1. Some readers suggest that Judge Wilkerson’s speech was less constitutionally protected than Judge Osborne’s because Osborne’s speech was part of an election campaign and Wilkerson’s wasn’t; see also this post at Will Bardwell’s blog.

But the Supreme Court has never held that speech on political, social, or scientific issues — such as domestic partnership laws, or the moral or psychological status of homosexuality — is any less protected than speech about whom one should elect, or about how voters should behave. Many of the Court’s most speech-protective opinions have come outside the context of election campaigns; consider, for instance, New York Times v. Sullivan, Hustler v. Falwell, Cohen v. California, Reno v. ACLU, United States v. Stevens, and more. If anything the Court has, quite controversially, allowed some more restriction on election-related speech than on other speech, in the interest of preventing corruption, intimidation, and the like; see, for instance, Burson v. Freeman, the coordinated expenditure portion of Buckley v. Valeo, and Austin v. Michigan Chamber of Commerce, which had not yet been reversed as of the time of those opinions. This is not to endorse those three cases, but simply to point out that First Amendment law does not support the proposition that speech that’s part of an election campaign is more protected than speech that’s part of public debate on social issues.

And of course fully protecting speech that’s not part of an election campaign — at least as much as speech that is part of an election campaign — makes sense even if one sees the First Amendment as chiefly about democratic self-government, since speech about political, social, or scientific matters outside political campaigns may well change people’s minds in ways that do affect future campaigns. Few people, I would hope, would consider that the posts on this blog are less protected than campaign speeches, even though our posts are generally not related directly to campaigns. And certainly speech about homosexuality, whether it should be treated as a mental illness, and whether domestic partner benefit laws are a good idea is indeed quite relevant to public debates and, indirectly, to political campaigns.

But of course if Justice Graves disagrees, I’d be happy to hear his explanation, and I hope the Senators ask him to give such an explanation (and to defend it, if they find it to be inconsistent with First Amendment law).

2. Some other readers argued that Judge Wilkerson’s statements were more offensive, or more hostile to gays, than Judge Osborne’s statement was to whites.
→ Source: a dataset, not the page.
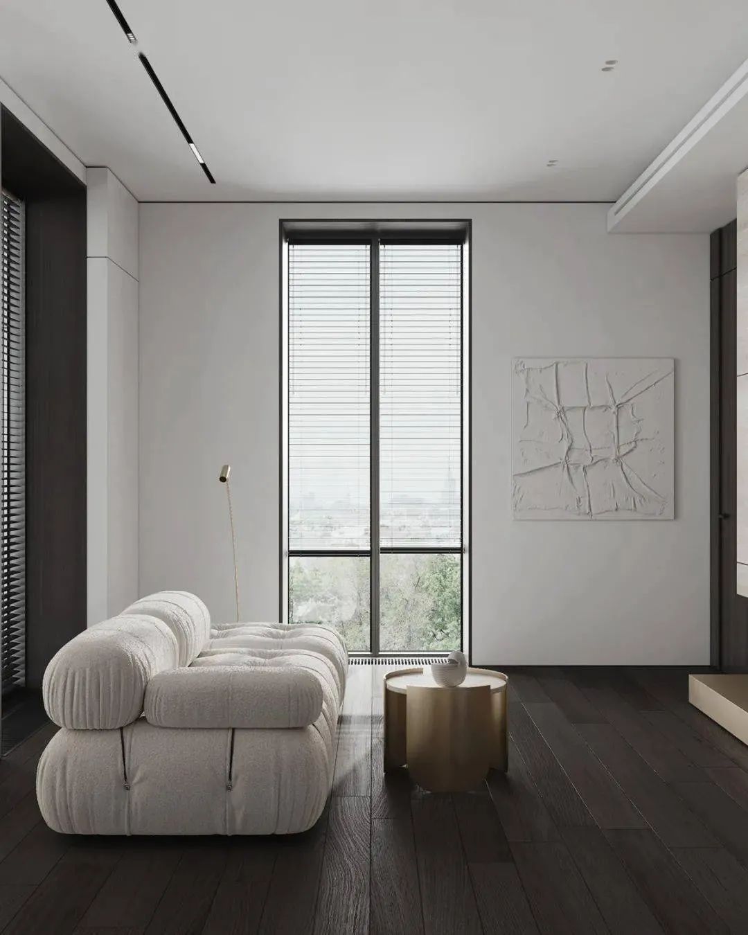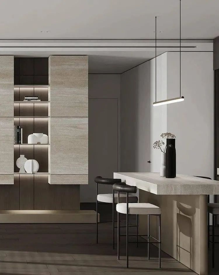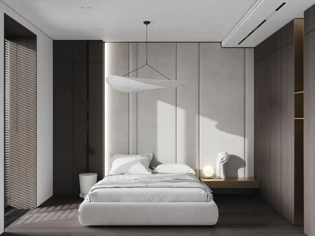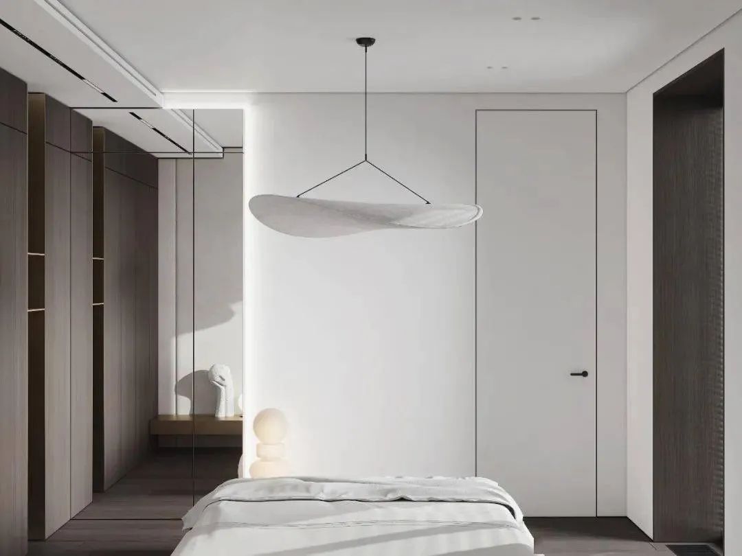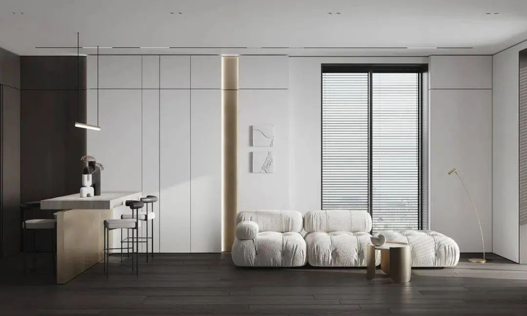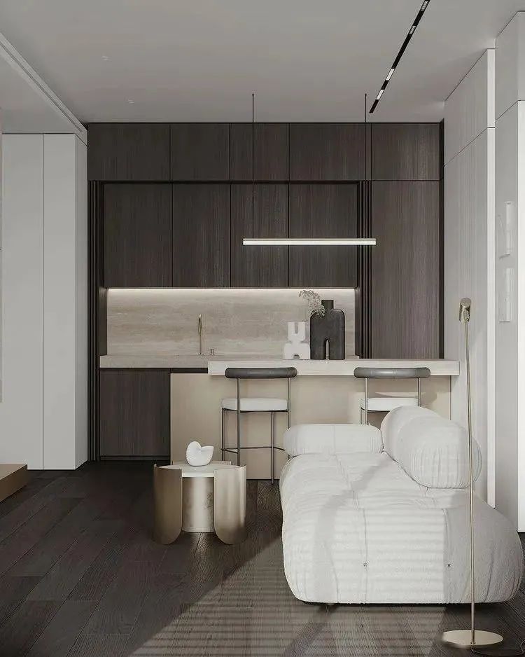 空间以白色调为主,通过用多种轻奢感十足的元素来对空间进行装饰,家具摆放简洁质朴,空间整体呈现出的氛围感强烈,这个狭小的空间在设计师的打造下成为了一个宁静的私人小天地。

But recall that the premise of allowing restrictions on this sort of judicial speech is not that especially evil speech deserves punishment, or even that especially offensive speech deserves punishment. Rather, the premise is that some such judicial speech might lead litigants to question the judge’s impartiality, and to worry that the judge will be biased against them in future cases.

And on this score, whites’ worry that the judge will view you as racist and manipulative (the worry that would likely be caused by Judge Osborne’s statements) strikes me as not that different from gays’ worry that the judge will view you as mentally ill (the worry that would likely be caused by Judge Wilkerson’s statements). Both are more than sufficient to make one think that the judge might not credit one’s testimony, or make various discretionary judgment calls (for instance, at sentencing) against one.

3. Some other readers suggest that perhaps Justice Graves changed his view between 2004 and 2009, and in particular after the 2008 decision in which he seemed to reaffirm his adherence to the 2004 dissent that he joined. As I mentioned in the original post, that’s possible, though it seems odd given his position in 2008, and the lack of any explanation in 2009 that he was changing his view. But again, if that’s Justice Graves’ view, I’d love to hear it from him, if he is asked about the subject by the Committee.